Но сих презабавных строчек о поэтической коммерции еще не переводил тогда мирославцам француз-запорожец Пилип-с-Конопель, вот их и не знали еще ни Михайлик, ни Прудивус, ни тогдашние поэты, ни воробышки, ни ослепленные любовью соловьи…

…Вчера ведь он и сам, глупый коваль Михайлик, потерявший голову, влюбленный, щелкал соловьем, а ныне соловьиные ливы-переливы только дразнили раненного в самое сердце пана сотника, и он как во сне блуждал по саду — вокруг москалевой кузни, и приникал к стволам, корявым, искривленным, еще теплым от июньского солнца, и метался меж кустов, и кровь стучала в нем все сильнее да шибче, так что ему хотелось петь, а опамятовался парубок лишь тогда, когда москаль Иванище, ненароком проснувшись, сонно кликнул от ворот своей кузни:

— Не спится, сотник?

— Не спится, дядьку, — вспыхнув в темноте, ответил пан сотник. — Пойду-ка гляну, что там поделывают мои козаки! — И Михайлик бросился с ковалева двора, чтоб не мешать утомившимся людям.

32

Все, что ему довелось пережить за двое суток по их прибытии в Мирослав, все это простодушный пан сотник принимал не как дары не столь уж и милостивой Доли, на ту пору отчего-то расщедрившейся малость, а как самый обычный удел любого попавшего в город парубка.

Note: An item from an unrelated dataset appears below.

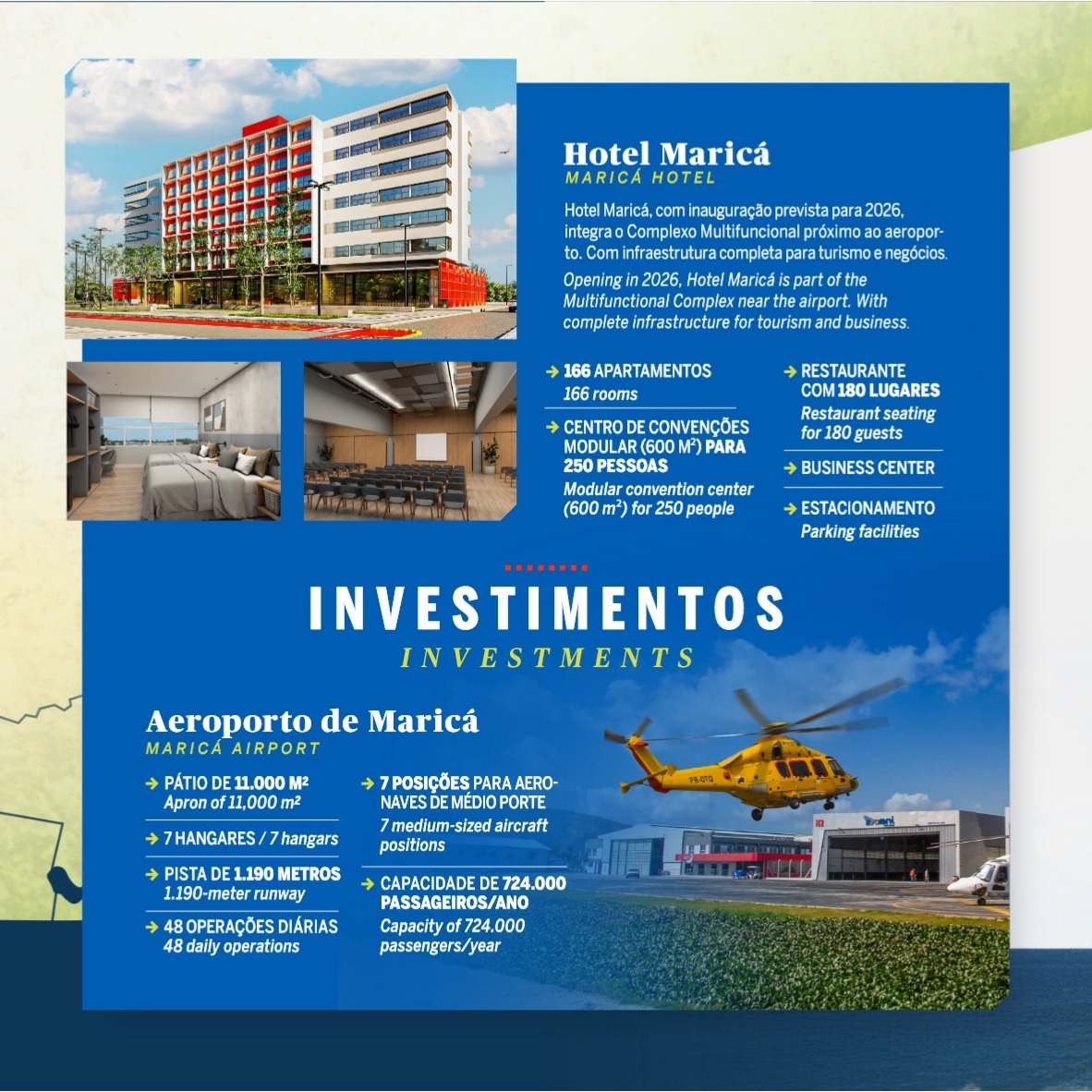 Na feira, haverá encontros com investidores para apresentar em detalhes as vantagens estratégicas do município. Localizada em uma posição privilegiada, Maricá está próxima ao Complexo de Energias Boaventura (antigo Comperj), ao gasoduto Rota 3 – que conecta os poços do pré-sal – e ao futuro Porto de Jaconé, que vai movimentar a economia local.

Он вчера несколько разбогател, однако думал, что непременно так бывает в городе.

Столь быстро став сотником, Михайлик тоже не удивился, да и не весьма обрадовался, затем что никогда не помышлял про власть, про почести, его ничуть не тревожили порывы тех высоколетных душ, о коих пущено кем-то весьма едкое словечко: «Где два хохла, там — три гетмана!», ибо уже и тогда кое-где водились такие паны украинцы, что из каждых двух трое зарились на гетманскую булаву…

Он вчера держал в объятиях панну, о которой мечтают самые пригожие мужи не только на Украине, а и там — в Варшаве, Париже иль Амстердаме, где Подоляночка успела полонить немало пылких сердец, — он вчера, голодранец, захватил мужичьими руками сей цветок, с коего портреты писали величайшие художники мира, он целовал минувшей ночью, Кохайлик, ее губы, губы, о которых поэты сочинили горы мадригалов, виршей и виршиков, исчерпав мировые запасы эпитетов, что когда бы то ни было прилагались к слову «уста»: душистые, приветливые, прихотливые… Он целовал пылающие те уста, но не считал это чудом: любимая в объятиях любимого — что же может быть естественней и проще! Однако то, что сталось потом…

Эх, хлопче, хлопче!.. Столько со времени Адама жило на свете юношей, как ты, столько любовных огорчений портило им кровь, что пора уж прочному да стойкому иммунитету против норова многих поколений милых привередниц оберечь наш «слабый» мужской пол от излишних тягостных переживаний, ведь и хлопцы наши, не сглазить бы, тоже не лыком шиты, а вот гляди ж, и дело будто бы пустое, взбалмошная девка обошлась с Михайликом так, словно он сунулся с мазницею по мед, — ну, и не велика беда: пришли не званы и уйдем не ласканы, а печалиться парубку ни к чему, ибо девчат по свету что листьев летом. Однако наш парубок, — душенька его знает, чего он так прилип к той панне, — никак, видно, одолеть сей пагубы не мог — сердцу не прикажешь! — вот он и грустил да печалился, словно потерял кошелек с неразменным рублем.